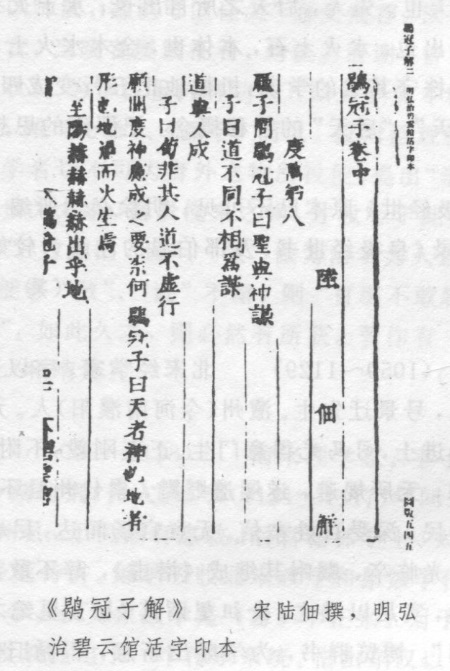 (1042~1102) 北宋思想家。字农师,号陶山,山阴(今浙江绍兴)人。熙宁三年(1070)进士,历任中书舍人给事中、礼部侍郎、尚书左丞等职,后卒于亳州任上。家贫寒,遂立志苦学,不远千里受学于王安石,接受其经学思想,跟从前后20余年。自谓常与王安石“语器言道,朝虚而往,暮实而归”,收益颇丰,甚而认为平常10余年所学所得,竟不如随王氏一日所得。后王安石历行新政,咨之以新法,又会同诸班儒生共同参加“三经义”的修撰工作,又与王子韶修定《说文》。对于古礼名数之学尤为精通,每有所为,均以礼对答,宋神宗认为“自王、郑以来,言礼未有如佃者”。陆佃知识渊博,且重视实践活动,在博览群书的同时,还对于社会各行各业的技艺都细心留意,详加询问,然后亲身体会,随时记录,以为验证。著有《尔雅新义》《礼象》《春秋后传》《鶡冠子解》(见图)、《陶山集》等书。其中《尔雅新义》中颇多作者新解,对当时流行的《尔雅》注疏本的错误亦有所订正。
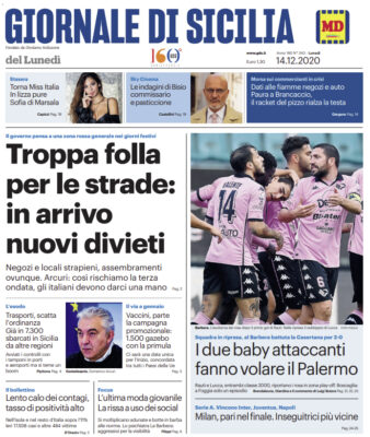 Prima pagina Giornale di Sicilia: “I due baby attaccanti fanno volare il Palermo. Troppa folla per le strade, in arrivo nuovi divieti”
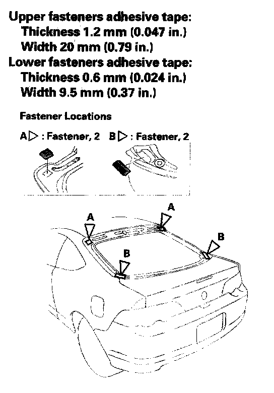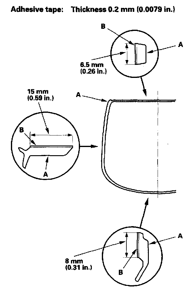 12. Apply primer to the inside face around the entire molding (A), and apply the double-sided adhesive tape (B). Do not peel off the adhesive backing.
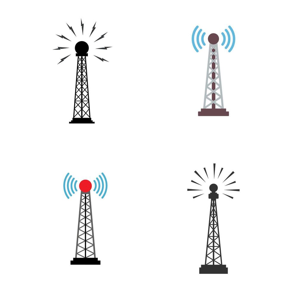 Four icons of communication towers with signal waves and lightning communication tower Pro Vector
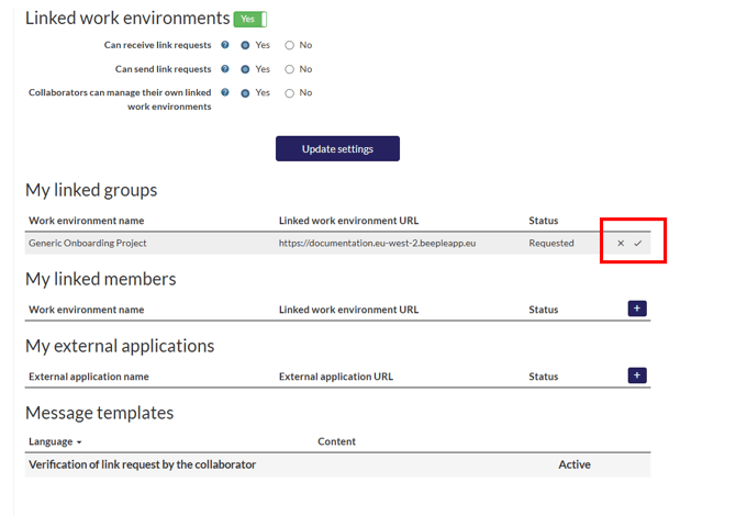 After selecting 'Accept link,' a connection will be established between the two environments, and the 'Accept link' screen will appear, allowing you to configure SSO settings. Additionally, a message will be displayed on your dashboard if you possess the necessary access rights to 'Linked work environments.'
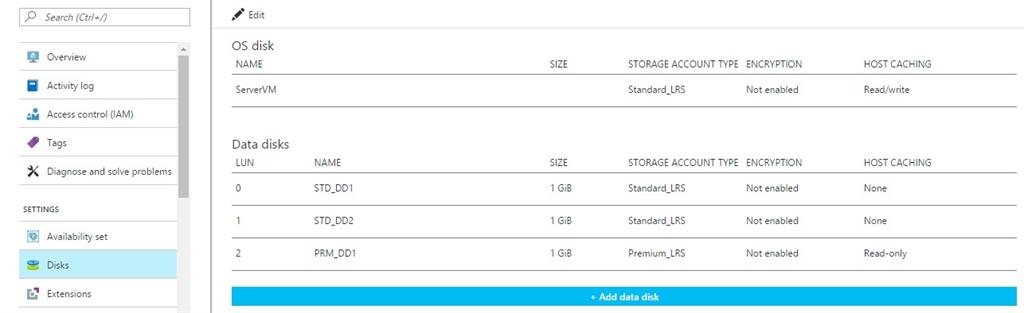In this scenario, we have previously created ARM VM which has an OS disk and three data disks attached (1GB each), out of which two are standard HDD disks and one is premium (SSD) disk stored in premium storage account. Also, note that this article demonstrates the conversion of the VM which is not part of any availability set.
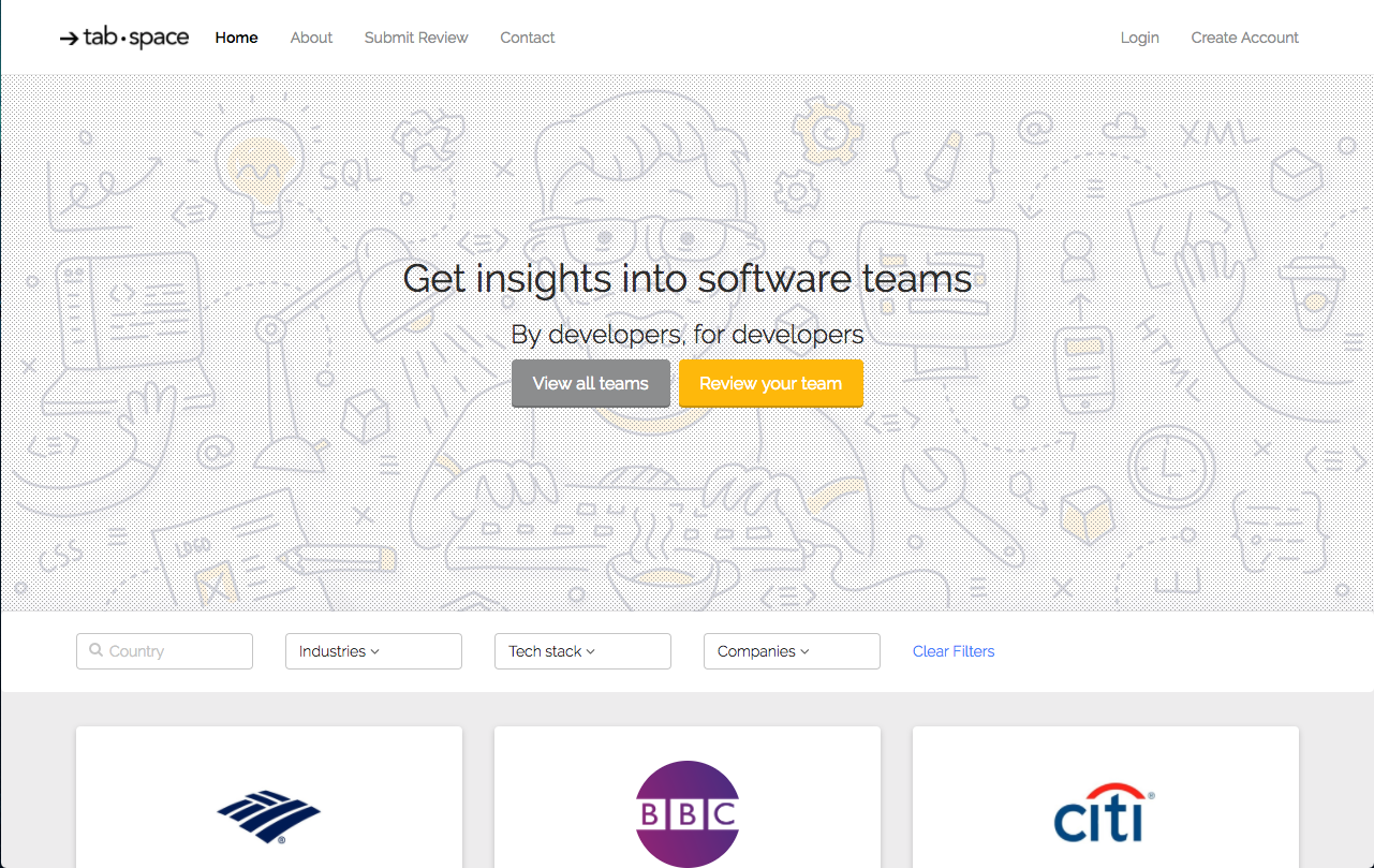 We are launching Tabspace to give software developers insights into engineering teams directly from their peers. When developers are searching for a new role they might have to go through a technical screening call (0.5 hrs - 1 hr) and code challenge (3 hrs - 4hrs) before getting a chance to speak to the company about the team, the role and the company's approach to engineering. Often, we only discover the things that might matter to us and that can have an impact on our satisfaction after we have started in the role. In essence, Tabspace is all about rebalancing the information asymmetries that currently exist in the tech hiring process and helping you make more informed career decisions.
══════
- **TASK TO CARRY OUT**
All the lines above should be reproduced exactly, and none of the pictures.

- **ANSWER TO THIS PROBLEM**
 (1042~1102) 北宋思想家。字农师,号陶山,山阴(今浙江绍兴)人。熙宁三年(1070)进士,历任中书舍人给事中、礼部侍郎、尚书左丞等职,后卒于亳州任上。家贫寒,遂立志苦学,不远千里受学于王安石,接受其经学思想,跟从前后20余年。自谓常与王安石“语器言道,朝虚而往,暮实而归”,收益颇丰,甚而认为平常10余年所学所得,竟不如随王氏一日所得。后王安石历行新政,咨之以新法,又会同诸班儒生共同参加“三经义”的修撰工作,又与王子韶修定《说文》。对于古礼名数之学尤为精通,每有所为,均以礼对答,宋神宗认为“自王、郑以来,言礼未有如佃者”。陆佃知识渊博,且重视实践活动,在博览群书的同时,还对于社会各行各业的技艺都细心留意,详加询问,然后亲身体会,随时记录,以为验证。著有《尔雅新义》《礼象》《春秋后传》《鶡冠子解》(见图)、《陶山集》等书。其中《尔雅新义》中颇多作者新解,对当时流行的《尔雅》注疏本的错误亦有所订正。
 Prima pagina Giornale di Sicilia: “I due baby attaccanti fanno volare il Palermo. Troppa folla per le strade, in arrivo nuovi divieti”
 12. Apply primer to the inside face around the entire molding (A), and apply the double-sided adhesive tape (B). Do not peel off the adhesive backing.
 Four icons of communication towers with signal waves and lightning communication tower Pro Vector
 After selecting 'Accept link,' a connection will be established between the two environments, and the 'Accept link' screen will appear, allowing you to configure SSO settings. Additionally, a message will be displayed on your dashboard if you possess the necessary access rights to 'Linked work environments.'
In this scenario, we have previously created ARM VM which has an OS disk and three data disks attached (1GB each), out of which two are standard HDD disks and one is premium (SSD) disk stored in premium storage account. Also, note that this article demonstrates the conversion of the VM which is not part of any availability set.
 We are launching Tabspace to give software developers insights into engineering teams directly from their peers. When developers are searching for a new role they might have to go through a technical screening call (0.5 hrs - 1 hr) and code challenge (3 hrs - 4hrs) before getting a chance to speak to the company about the team, the role and the company's approach to engineering. Often, we only discover the things that might matter to us and that can have an impact on our satisfaction after we have started in the role. In essence, Tabspace is all about rebalancing the information asymmetries that currently exist in the tech hiring process and helping you make more informed career decisions.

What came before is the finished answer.